Only as I read their labels did the smell hit me. How odd, I thought: the sense of smell is usually lightning fast, often speedier than that of sight or hearing.

But now there was no doubt about it. The whole room—even Miss Mountjoy herself—reeked of cod-liver oil.

Perhaps until that moment the sight of Miss Mountjoy’s nosebleed and her blood-splattered clothing had overwhelmed my sense of smell. Although I had first noticed the fishy odor when I saw her dripping blood at the door, and again when I had applied the cold key to the nape of her neck, my brain must have labeled the fact as not immediately important, and tucked it away for later consideration.

My experience of cod-liver oil was vast. Much of my life had been spent fleeing the oncoming Mrs. Mullet, who, with uncorked bottle and a spoon the size of a garden spade, pursued me up and down the corridors and staircases of Buckshaw—even in my dreams.

Who in their right mind would want to swallow something that looked like discarded engine oil and was squeezed out of fish livers that had been left to rot in the sun? The stuff was used in the tanning of leather, and I couldn’t help wondering what it would do to one’s insides.

“Open up, dearie,” I could hear Mrs. Mullet calling as she trundled after me. “It’s good for you.”

“No! No!” I would shriek. “No acid! Please don’t make me drink acid!”

And it was true—I wasn’t just making this up. I had analyzed the stuff in my laboratory and found it to contain a catalogue of acids, among them oleic, margaric, acetic, butyric, fellic, cholic, and phosphoric, to say nothing of the oxides, calcium and sodium.

In the end, I had made a bargain with Mrs. M: She would allow me to take the cod-liver oil alone in my room at bedtime, and I would stop screaming like a tortured banshee and kicking at her ankles. I swore it on my mother’s grave.
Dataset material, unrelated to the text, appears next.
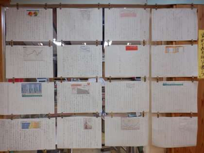 国語では,「社会はよりよい方向に向かっているか」というテーマで文章を書きました。文章の中では,資料や表を用いて,自分の主張に説得力をもたせています。教室前に掲示していますので,個人懇談会の際にぜひご覧ください。

Harriet, of course, had no grave. Her body was somewhere in the snows of Tibet.

Happy to be relieved of a difficult and unwanted task, Mrs. Mullet had pretended to be scandalized, but cheerfully handed over both spoon and bottle.

My mind came snapping back to the present like a rubber ball on an elastic string.

“Trouble with antiques, was it?” I heard myself say. “You’re not alone in that, Miss Mountjoy.”

Although I almost missed it, her rapid glance upwards, towards the spot where the missing plate had hung, told me I had hit the bull’s-eye.

She saw me following her gaze.

“It was from the time of Hongwu, the first Ming emperor. He told me he knew a man—”

“Brookie?” I interrupted.

She nodded.

“He said he knew someone who could have the piece assessed discreetly, and at reasonable cost. Things have been difficult since the war, you see, and I thought of—”

“Yes, I know, Miss Mountjoy,” I said. “I understand.”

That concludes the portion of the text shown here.